Samples of Data Loader
Some downsampled and augmented grayscale input images and their labels are illustrated below.
Architecture
We trained a model with the following architecture using AdamW with learning rate = 5e-4, weight_decay = 1e-4 and MSE loss for 50 epoches.
nn.Sequential(
nn.Conv2d(1, 8, 3),
nn.BatchNorm2d(8),
nn.ReLU(),
nn.MaxPool2d(2, 2),
nn.Conv2d(8, 16, 3),
nn.BatchNorm2d(16),
nn.ReLU(),
nn.MaxPool2d(2, 2),
nn.Conv2d(16, 32, 3),
nn.BatchNorm2d(32),
nn.ReLU(),
nn.MaxPool2d(2, 2),
nn.Conv2d(32, 64, 3),
nn.BatchNorm2d(64),
nn.ReLU(),
nn.MaxPool2d(2, 2),
nn.Conv2d(64, 64, 3),
nn.BatchNorm2d(64),
nn.ReLU(),
nn.Flatten(),
nn.Linear(4928, 1024),
nn.ReLU(),
nn.Linear(1024, 256),
nn.ReLU(),
nn.Linear(256, 116)
)
Training and Validation Loss
Results
The following are a few good and bad outputs from our neural network.
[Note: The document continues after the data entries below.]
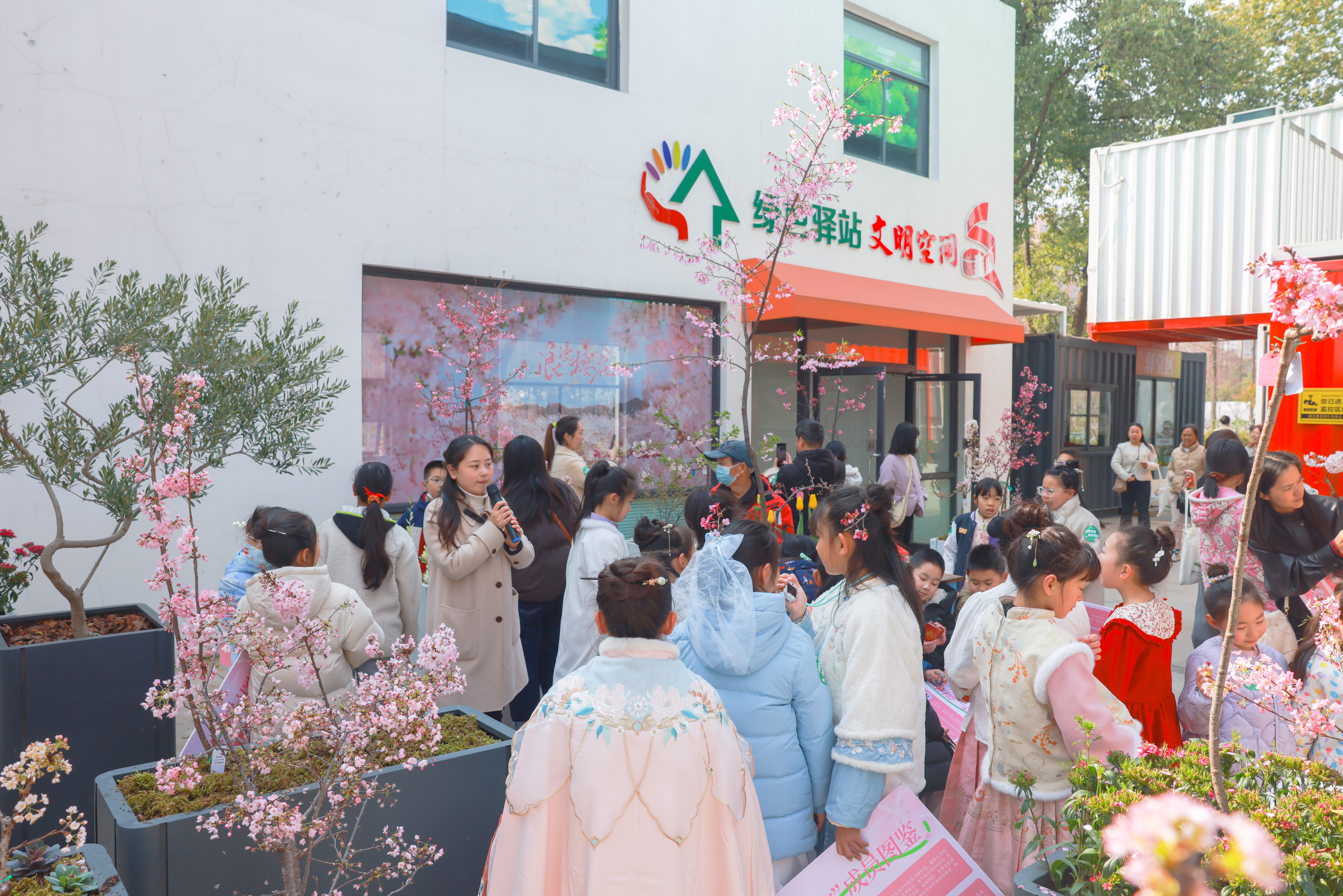 高大的树状“楚樱”主要生长在试验田里,而位于市园林科学研究院大门东侧的绿色驿站内,一组组花箱内低矮樱花树唯美绽放,吸引络绎不绝的游客拍照合影。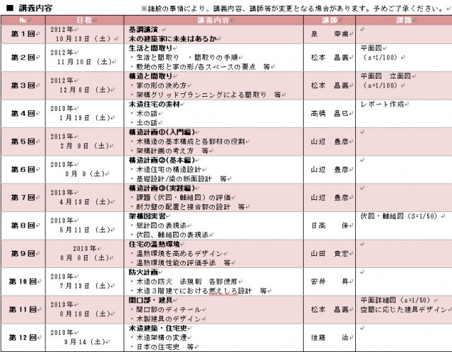 講師に泉幸甫氏、松本昌義氏、高橋昌巳氏、山辺豊彦氏、日高保氏、山田貴宏氏、安井昇氏、後藤治氏を迎え、各氏の専門分野に応じて、間取りから構造、温熱、防火、建築史まで幅広く学ぶ。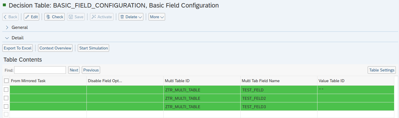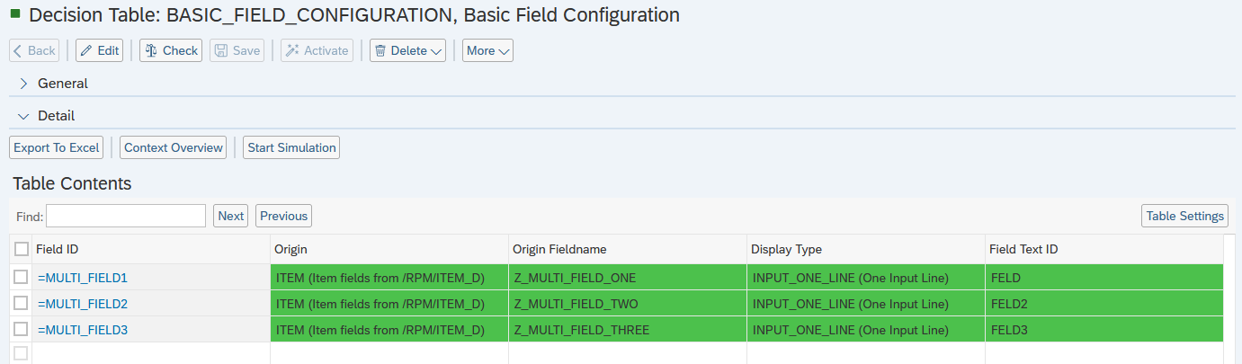 - The customized Multi Table should be added to one of the basic fields. For this, navigate to the Decision Table: BASIC_FIELD_CONFIGURATION, Basic Field Configuration.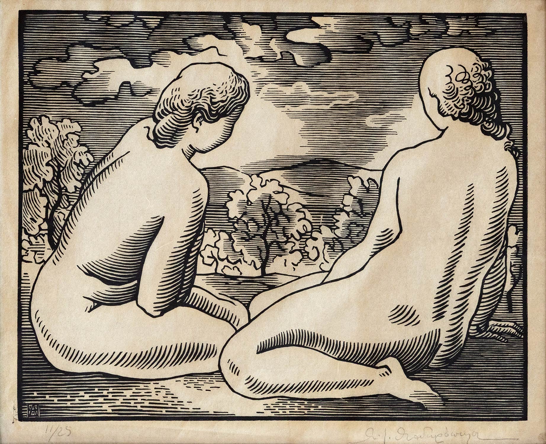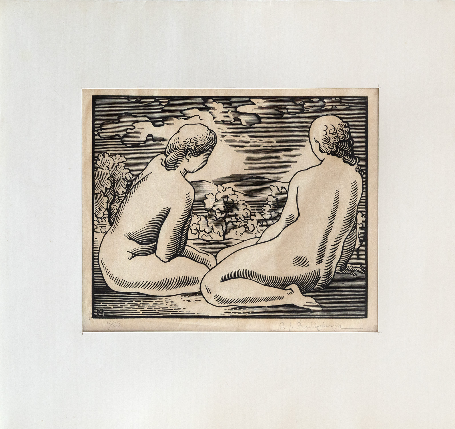 Ξυλογραφία σε όρθιο ξύλο, 254 x 319 mm. Έκδοση σε 25 αντίτυπα, αρίθμηση και υπογραφή στο κάτω περιθώριο με μολύβι, υπογραφή με μονόγραμμα στην πλάκα. Δεληβορριάς Ξ177. Σε πασπαρτού.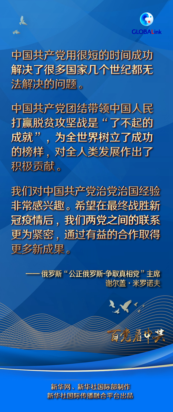 米羅諾夫說,中國共產(chǎn)黨團(tuán)結(jié)帶領(lǐng)中國人民打贏脫貧攻堅戰(zhàn)是“了不起的成就”,為全世界樹立了成功的榜樣,對全人類發(fā)展作出了積極貢獻(xiàn)。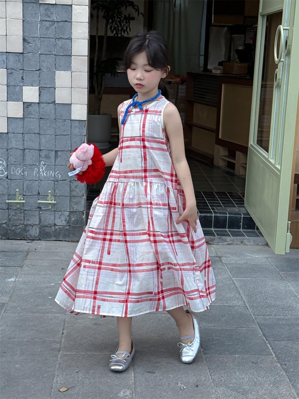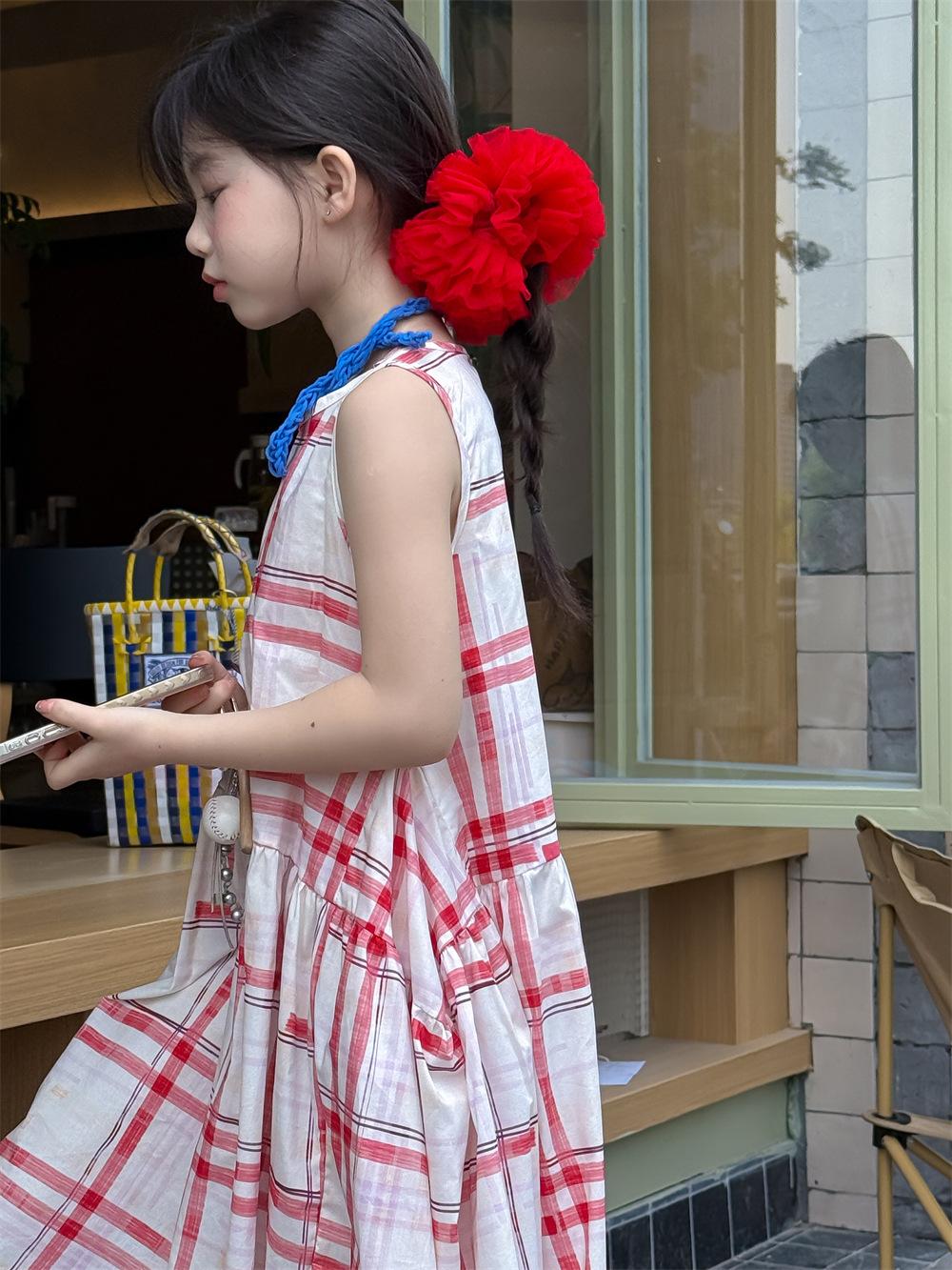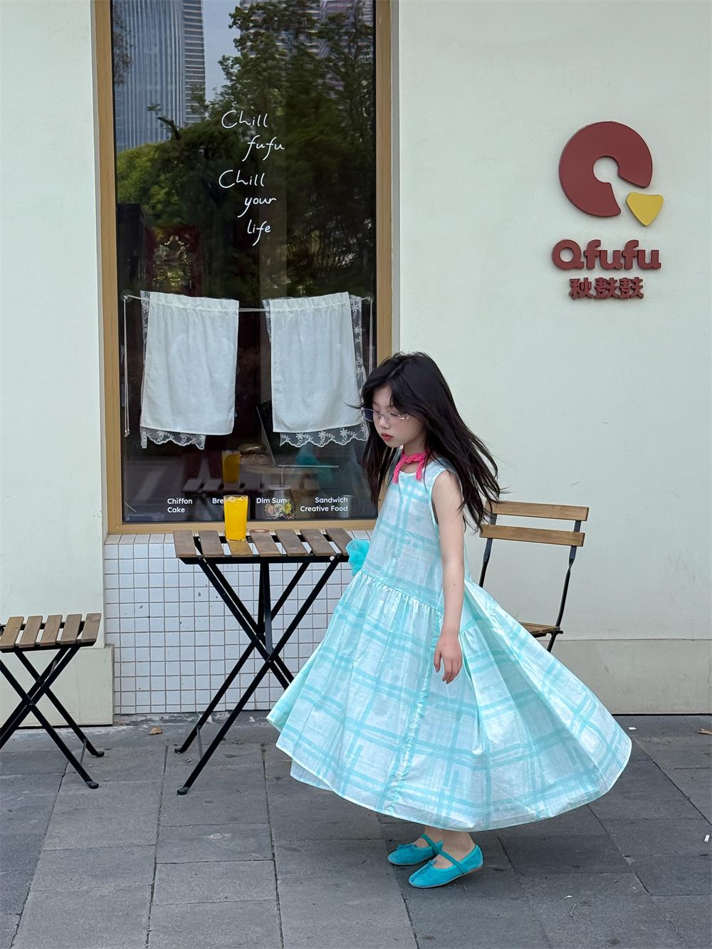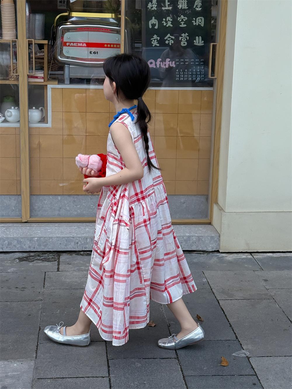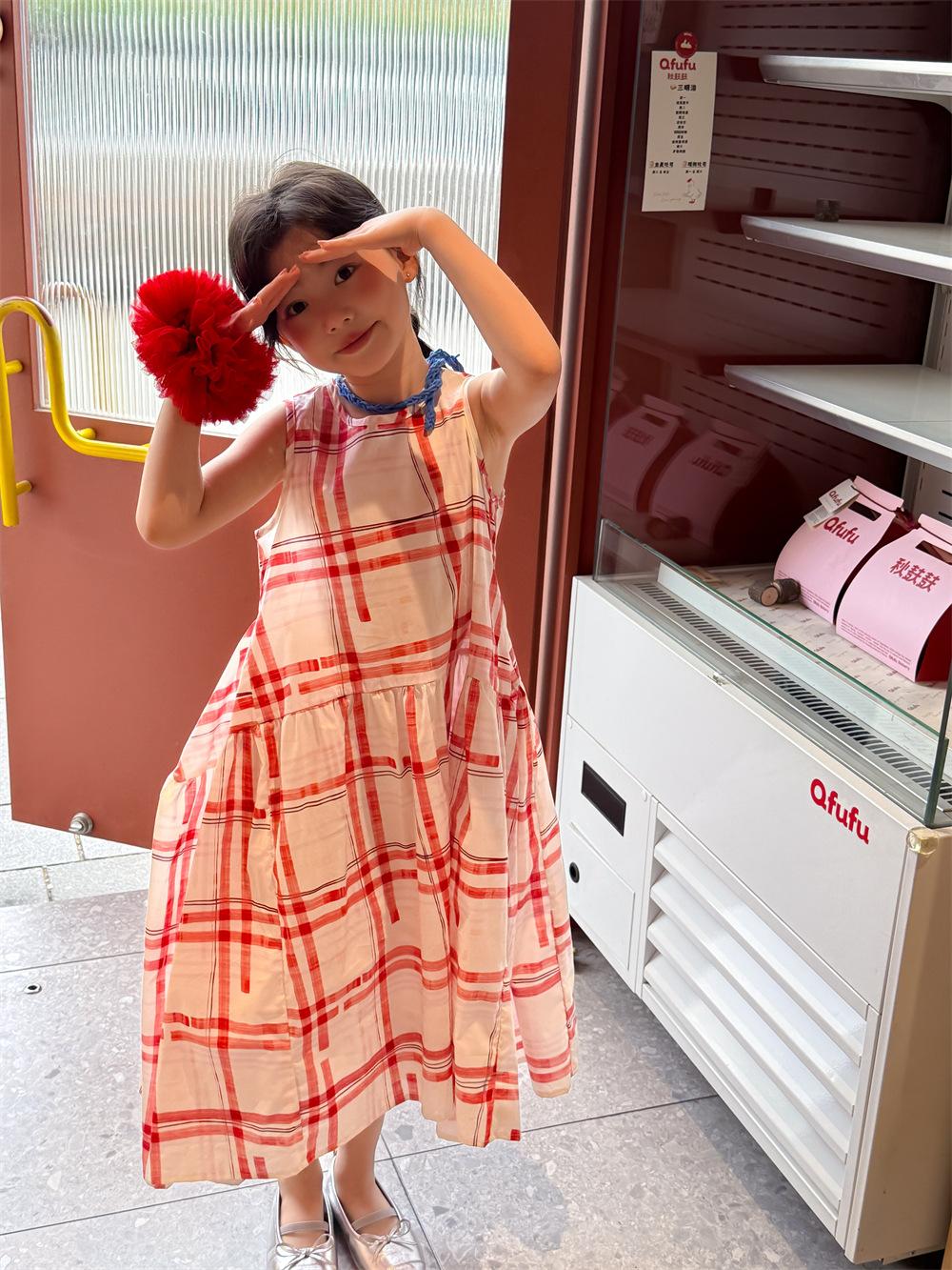 Ropa para niños Flower and seek vestido para niñas 2025 verano nuevo vestido de princesa a cuadros falda infantil de moda

The images on the right show the generated keypoints. It seems that the network is more sensitive to the shadows around the faces than the actual facial features in some cases, resulting in keypoints that seem way off.
Good Results | Bad Results |
---|---|
Features
These are the filters of the first convolutional layer from our network. They largely resemble line detectors.